Generation–grid–load–storage coordination for a park-level integrated energy microgrid under new-type power systems
Qinglin Meng, Longqian Zhao, Qiang She, Qiang Guo, Lei Guo, Peng Chen, Jin Zhao, Wei Yao, Yun Gao, Song Wang, Haiwei Wang, Ying He, Chao Ma, Sheharyar Hussain
Abstract
Enhancing energy allocation efficiency in park-level Integrated Energy Microgrids (IEMs) is crucial for advancing New-Type Power Systems (NTPS). This study develops a Generation–Grid–Load–Storage (GGLS) collaborative coordination framework designed to address the operational challenges associated with high wind power penetration and its inherent stochasticity. A stochastic opportunity-constrained planning method is formulated to accurately characterize the variability of wind generation. To handle the large-scale uncertainty scenarios, a Backpropagation Neural Network (BPNN) is employed for dimensionality reduction and representative scenario extraction. Furthermore, a collaborative optimization model for the IEM is constructed by incorporating multiple energy forms, inter-temporal coupling relationships, and uncertainty-aware operational constraints. A hybrid solution strategy, integrating the Quantum-Inspired Evolutionary Algorithm (QIEA) and the Genetic Algorithm (GA), is proposed to efficiently solve this complex multi-objective model.

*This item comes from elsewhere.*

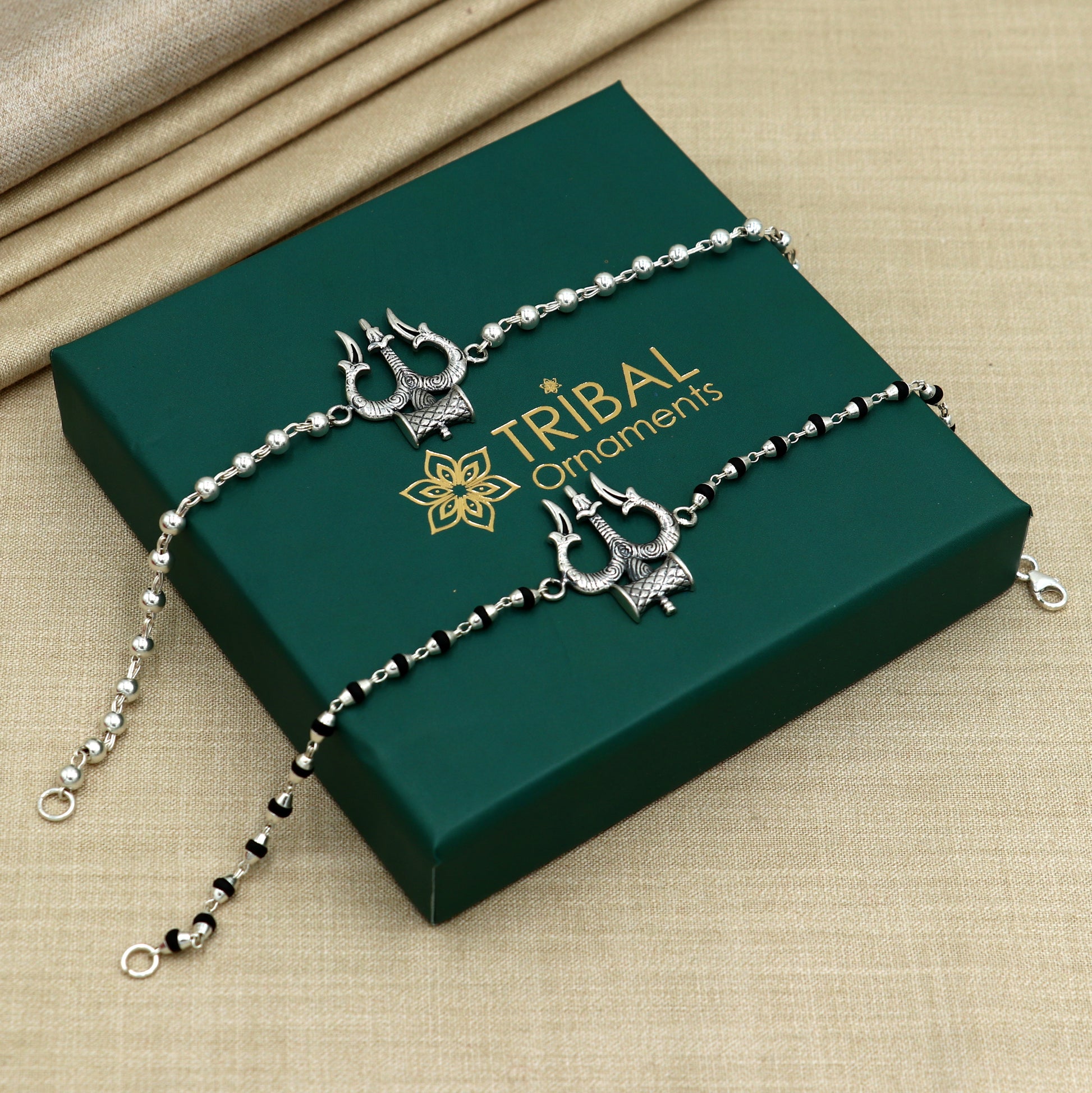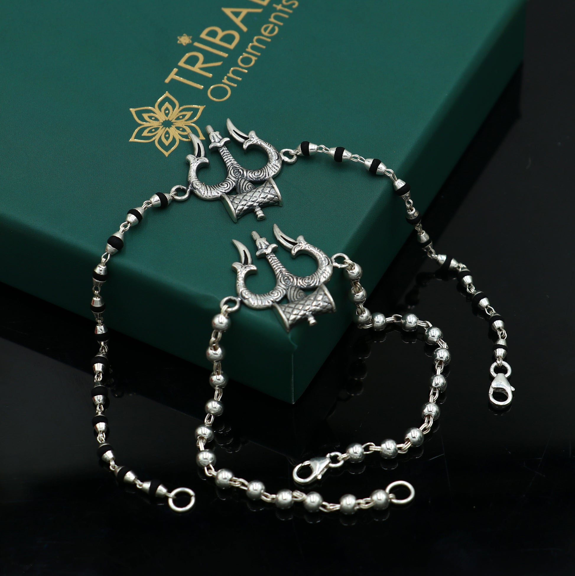 925 sterling silver Trishul / Trident design unisex bracelet rk407

Simulation analyses demonstrate that the proposed method notably improves economic performance, energy utilization, and operational robustness while mitigating the adverse effects of wind uncertainty. Overall, the proposed GGLS coordination framework offers a scalable and resilient pathway for future IEM planning aligned with the goals of NTPS. • Developed GGLS coordination for park-level IEMs under NTPSs. • Modeled stochastic wind uncertainty via opportunity-constrained planning. • Applied BP neural network for representative scenario reduction. • Proposed hybrid QIEA–GA for global–local collaborative optimization. • Improved cost efficiency and energy utilization under uncertainty.